The US is finally about to update its toxic chemical protections, after 39 years
But convenience comes with a cost. Any baby born in America today is likely to carry hundreds of synthetic chemicals in his or her body at birth. According to a 2008-2009 report by the US Department of Health and Human Services, traces of nearly 300 pollutants, “such as chemicals used in fast-food packaging, flame retardants present in household dust, and pesticides,” have been found in the umbilical cord blood of newborns. And some chemicals in common use today are linked with certain cancers, Parkinson’s, developmental disorders and other illnesses. Any baby born in America today is likely to carry hundreds of synthetic chemicals in his or her body
So it is a national scandal that the United States’ primary chemical safety law hasn’t been updated since the day it was enacted, back when America’s No. 1 song was “Disco Duck” and appointment TV meant “Charlie’s Angels.” Since the day it passed in 1976, the Toxic Substances Control Act (TSCA) hasn’t protected anyone. The chemicals in products you buy at the store—from clothes to couches to cleaning supplies—are essentially untested and unregulated.
For decades, Congress has been trying to fix TSCA, but the lawmakers have gotten nowhere.

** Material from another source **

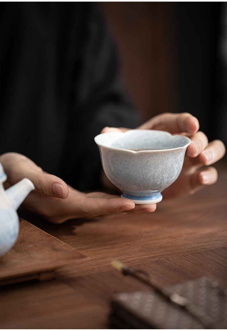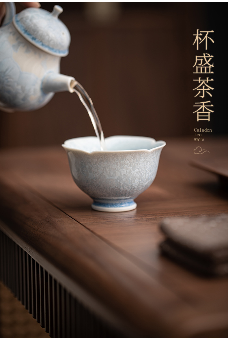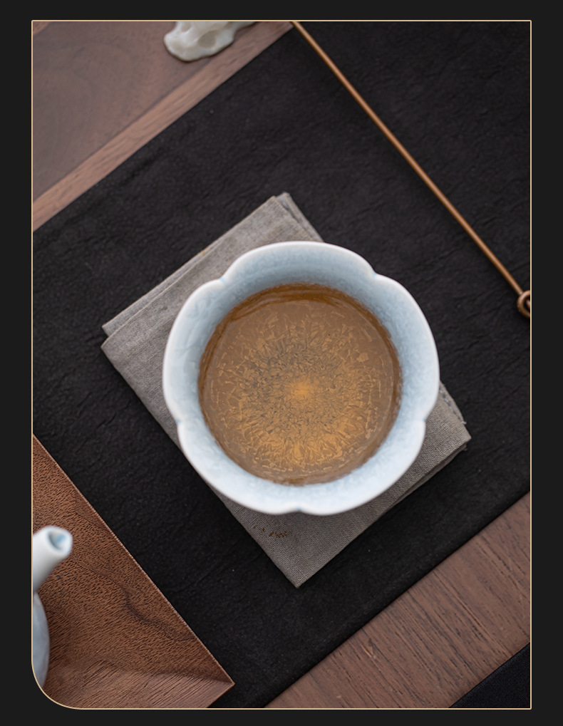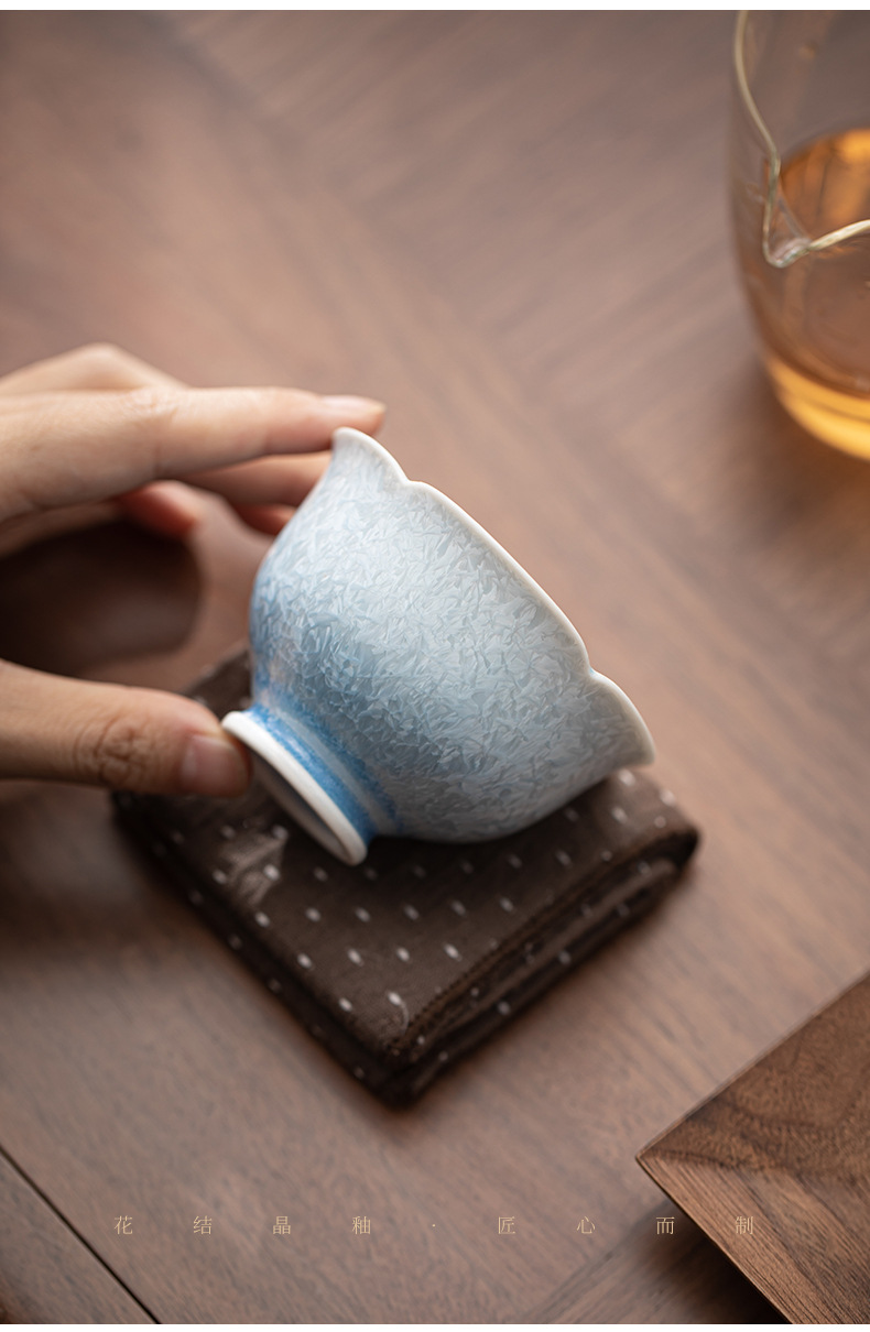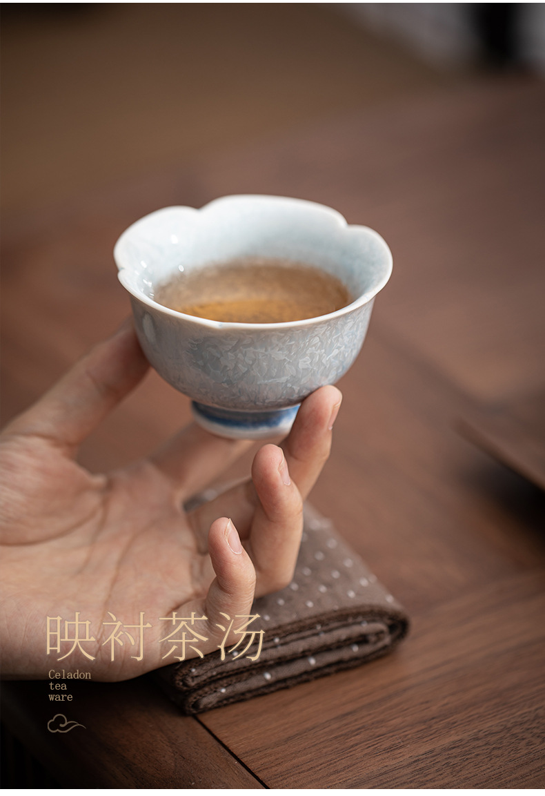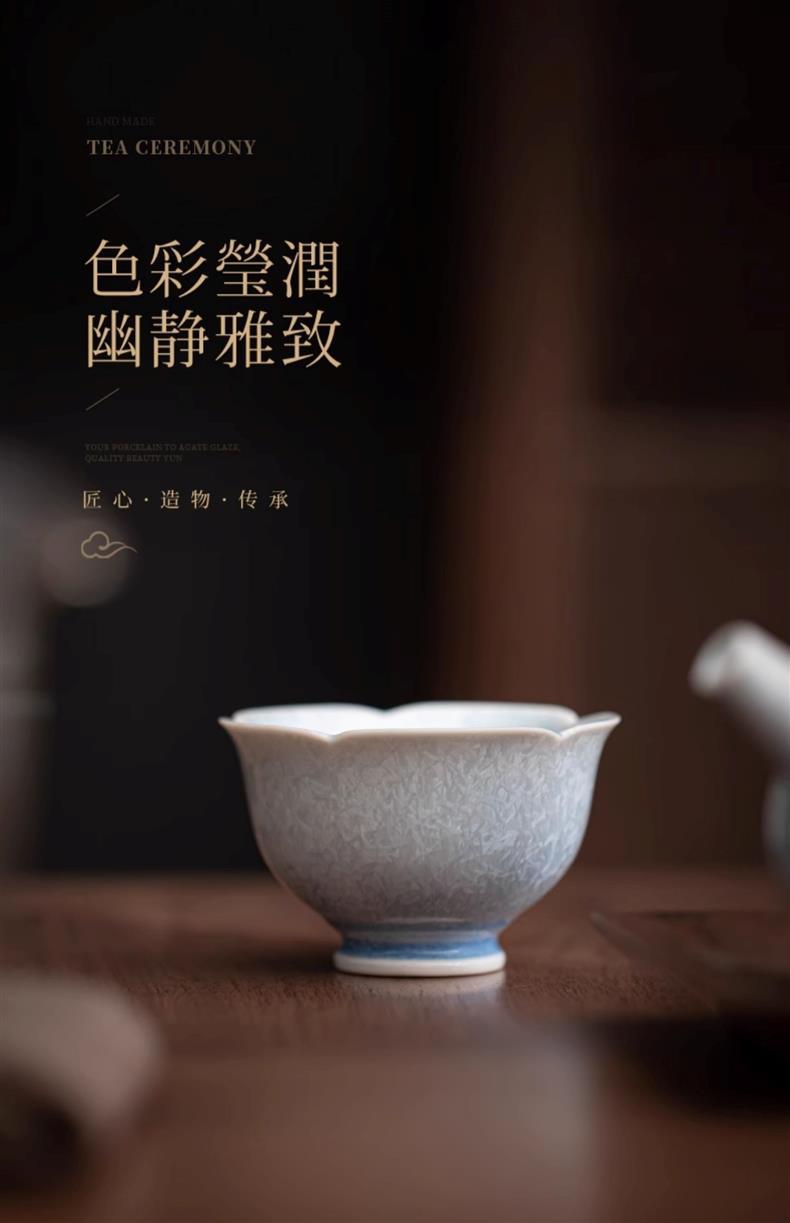 Cốc chủ nhân tráng men pha lê có giá trị cao, cốc cánh hoa gốm sứ, bộ trà Kung Fu, cốc trà sang trọng nhẹ, bán buôn quà lưu niệm

There have been hearings since 1994, and several proposed bills, but industry opposition kept the reform effort from advancing. Meanwhile, thousands of chemicals have come on the market. They permeate every aspect of American life. And the Environmental Protection Agency (EPA) has been all but powerless to police them.
In recent years, however, some companies have begun to realize the current system isn’t good for their bottom lines either. As one DuPont executive testified before Congress in 2010:
“In the absence of reforms to TSCA we are seeing a plethora of state actions that are serving to create tremendous uncertainty in our markets…we think a robust reformed TSCA would remove the motivation for state by state regulation of chemicals.”

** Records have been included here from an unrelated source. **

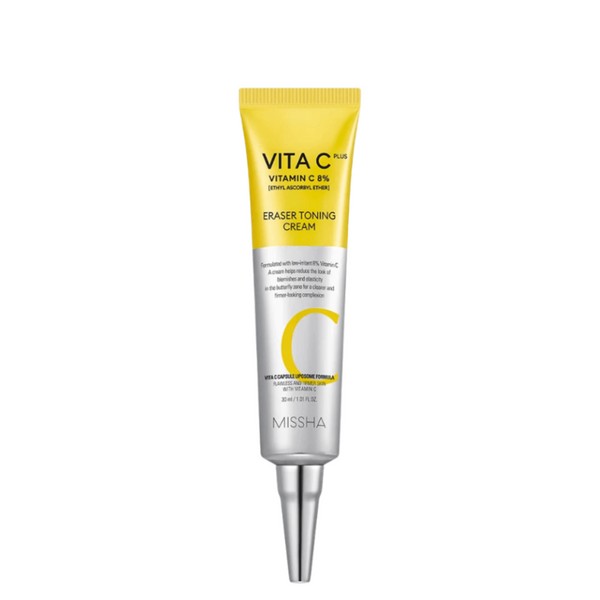 🌸 MISSHA Vita C Plus Eraser Toning Cream is a non-irritating cream with a high content of nourishing vitamins that helps to reduce the appearance of blemishes and dark spots on the skin.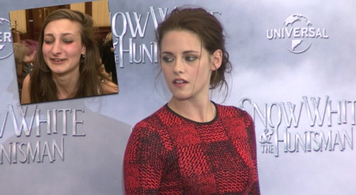 Ein weiblicher Fan brach vor der TIKonline.de-Kamera weinend zusammen! Wir fragten nach, warum es Tränen gab. Sie erzählte uns, sie sei so ein großer Fan von Kristen Stewart und versicherte, es seien reine Freudentränen.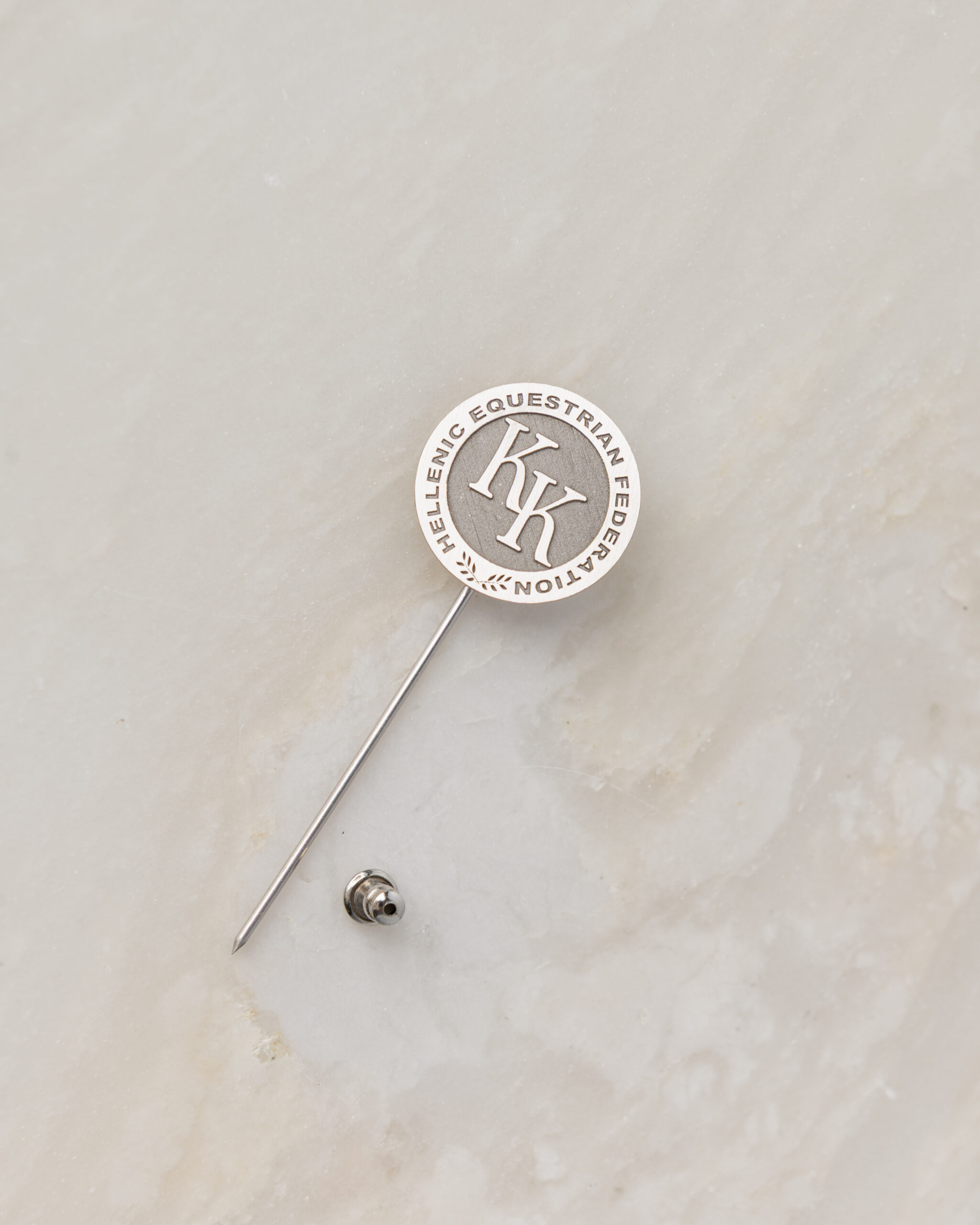 Για τον Πρόεδρο της Ελληνικής Ομοσπονδίας Ιππασίας κατασκευάσαμε μία ιδιαίτερη καρφίτσα από ασήμι, στην οποία αποτυπώνονται με διακριτική κομψότητα τα αρχικά του.

Companies such as Walmart—which announced a robust chemicals policy in 2013—began to step up and do their own testing on household products. That helped nudge chemical companies to the negotiating table—and so did new state laws. Although states have only restricted about a dozen chemicals or chemical groups for health reasons in 40 years—providing little protection to most Americans—the threat of 50 different local regulators was enough to get industry to see the benefits of a single strong federal regulator, empowered to offer a final “yay” or “nay.”

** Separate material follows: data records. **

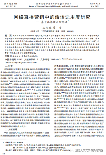 王苑丞副教授和研究生曾要合著的论文《网络直播营销中的话语适用度研究——基于扎根理论研究法》刊发于CSSCI期刊《糖心AV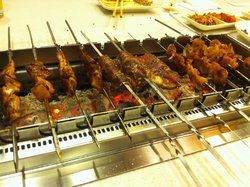 难以忘怀这里的美味烤串又来光顾,友谊新天地B座2层,上扶梯及时店里依旧窗明几净,操作间里服务员正在帮客人烤串、备料菜品:金针菇培根卷,培根本身就有很香的味道提前腌制裹了,但是偏咸,裹上金针菇后刚好中和味道,金针菇清脆培根有嚼劲,刷上甜咸口味的酱料很美味。烤羊肉串,菜3元一串,肥瘦相间,肉质好,在眼前的烤炉上听到肥肉被烤得吱吱香,冒出羊肉香气,让人馋涎欲滴。这里还有串串香,放在小锅里一起端上来,都是细细的竹签子串起来涮的,拴好很方便提出锅来吃。最好吃的还是鱼豆腐,鲜香味加上麻辣味好吃得停不下来。冰冻情人果,据说是青芒果肉做的,特别有嚼劲,冰冻过后吃起来冰霜酸甜,是很好的凉菜。烤鱿鱼,这道是后厨帮忙烤的,边烤便刷酱,鱼肉被烤得很嫩了,酱料也有甜口很好吃。这里吃烧烤还赠送小菜,都是朝鲜风味的泡菜,萝卜最好吃,咸辣适中。…查看更多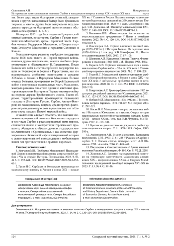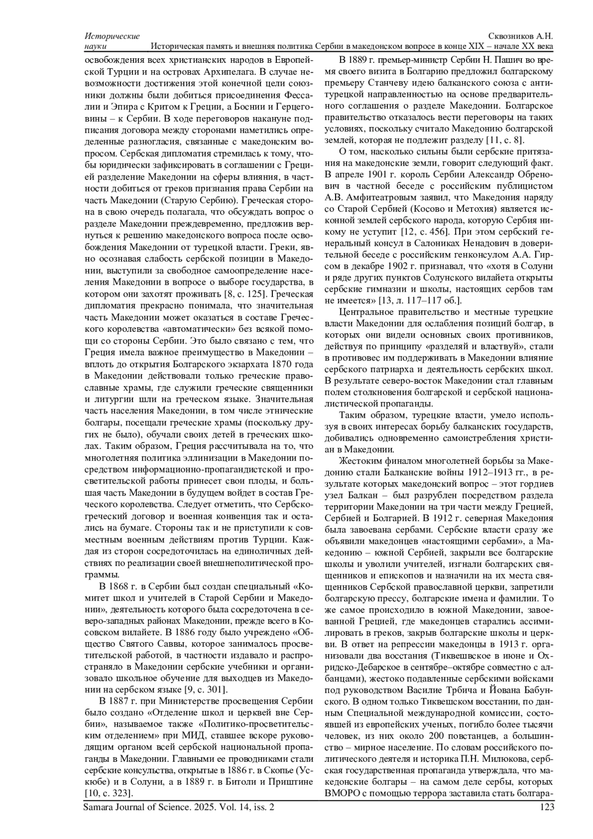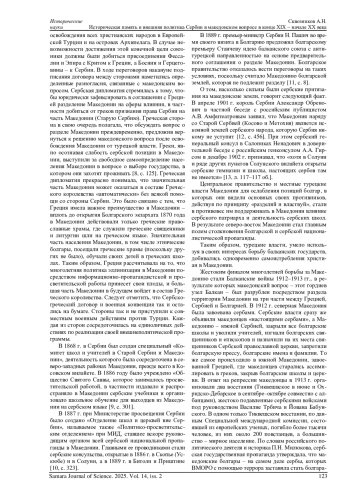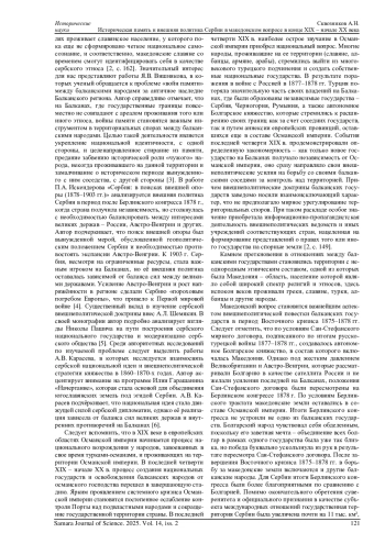 СКВОЗНИКОВ А. Н. ИСТОРИЧЕСКАЯ ПАМЯТЬ И ВНЕШНЯЯ ПОЛИТИКА СЕРБИИ В МАКЕДОНСКОМ ВОПРОСЕ В КОНЦЕ XIX - НАЧАЛЕ XX ВЕКА // САМАРСКИЙ НАУЧНЫЙ ВЕСТНИК. 2025. ТОМ 14, № 2

That realization provided an opening for longtime public health champion Sen. Frank Lautenberg (D-NJ) to negotiate with chemical industry ally Sen. David Vitter (R-LA) in 2013. After Lautenberg passed away, Sen. Tom Udall of New Mexico took over on the Democratic side, continuing the negotiations.
The bill Udall and Vitter came up with, known as the Lautenberg Act, would let EPA do the things most Americans assume it can already do. These include a mandate to review the safety of all chemicals in commerce, a required safety finding before a new chemical can enter the market, powerful new authority to require testing of chemicals, and explicit requirements to protect the most susceptible—infants and pregnant women— from harmful chemicals, along with concrete deadlines, a new source of funding, and more. Cutting a deal with big bad interest groups can lead to progressive change.
Rare political circumstances have forced the industry to make major concessions, so the result is a strong bill that has 11 Democratic and 11 Republican sponsors. It actually might pass—yes, something big might pass Congress and become law—and it would be the most important environmental law since the 1990 Clean Air Act Amendments. (The House also seems to be working on a bipartisan basis.)
But laws are never perfect. The big trade-off here is that some decisions by EPA on chemicals will supersede some state actions and restrictions. As David Vitter put it, “Republicans agree to give EPA a whole lot [of] new additional authority, which we’re not in the habit of being excited about, to state the obvious. In exchange, that leads to … a common rulebook.”
Even so, there are limits to the preemption of state authority in the bill. For example, all state actions taken before 2015 remain intact, and, after enactment, states can restrict a chemical until and unless EPA takes up that same chemical and addresses the same uses.
This week, three progressive Democrats announced their support for the bill after negotiations yielded changes that allow states to “co-enforce” federal requirements on chemicals and better ensure EPA can restrict chemicals in finished products (such as formaldehyde-laden floor boards). Still, there is no question the bill remains a compromise. In many ways, the dynamic here is like Obamacare, where the President had to cut deals with Big Pharma and the insurance industry to get legislation passed. That bill wasn’t perfect, but nine out of ten Americans have health insurance and the other benefits of the law.
In other words, cutting a deal with big bad interest groups can lead to progressive change.
Of course, to some that’s heresy. They see the strange bedfellows as being more important than the substance. In my view, we’ve got a classic case of the perfect vs. the good—and in an era when precious little good has come out of Washington, I’ll take it.
After decades of inaction and several “ideal” bills that couldn’t attract the bipartisan support necessary to pass, it’s time to move forward. We can let this moment pass and leave American families vulnerable to the dangerous chemicals that surround us, or we can forge ahead with a dramatic improvement over current law.